Al oeste de la llanura, hacia la frontera con Birmania, la provincia de Kanchanaburi guarda uno de los capítulos más oscuros de la Segunda Guerra Mundial en Asia. Durante la ocupación japonesa, entre 1942 y 1943, el ejército imperial construyó a marchas forzadas una vía férrea de más de 400 kilómetros para unir Tailandia con Birmania y abastecer sus frentes. La obra pasó a la historia como el 'Ferrocarril de la Muerte'.
En su construcción, en condiciones atroces de hambre, enfermedad y castigos, murieron alrededor de 12.000 prisioneros de guerra aliados —británicos, australianos, neerlandeses y otros— y, mucho más numerosos y a menudo olvidados, más de 80.000 trabajadores forzados asiáticos ('rōmusha') traídos de toda la región. El tramo más famoso es el puente sobre el río Kwai, inmortalizado por una novela y una película que tomaron libertades con los hechos, pero que fijaron el lugar en la memoria mundial.

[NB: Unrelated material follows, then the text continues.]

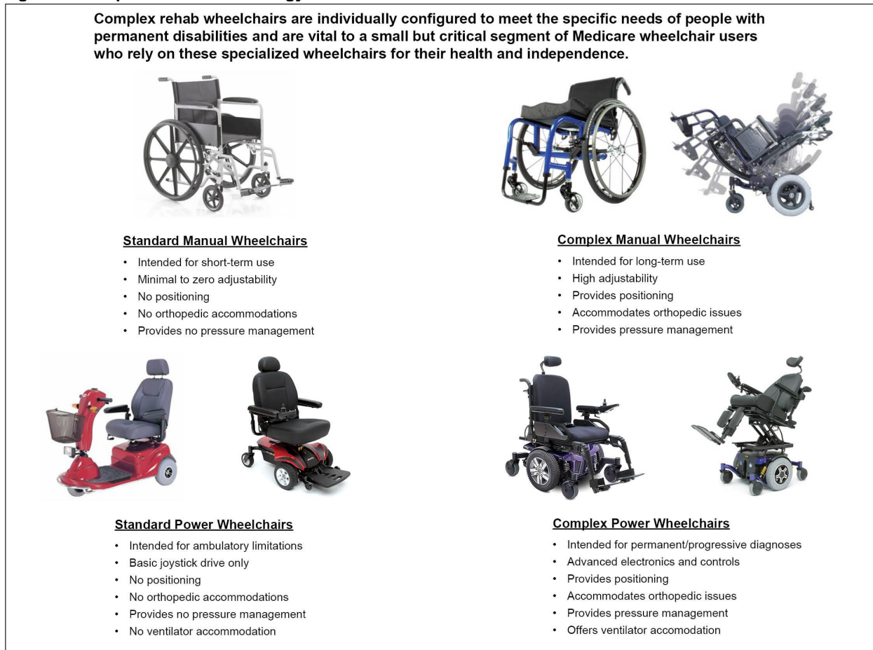
Figure 1: Complex Rehab Technology Wheelchairs Differ from Standard Wheelchairs

GAO-16-640R

Hoy Kanchanaburi combina esa memoria dolorosa con la naturaleza. Los cementerios de guerra, cuidados con esmero, y el museo del ferrocarril reciben a familiares y visitantes de todo el mundo, mientras que las cataratas del parque de Erawan, las cuevas y los ríos hacen de la provincia un destino natural. Es un lugar donde el turismo y el duelo conviven a pocos kilómetros de distancia.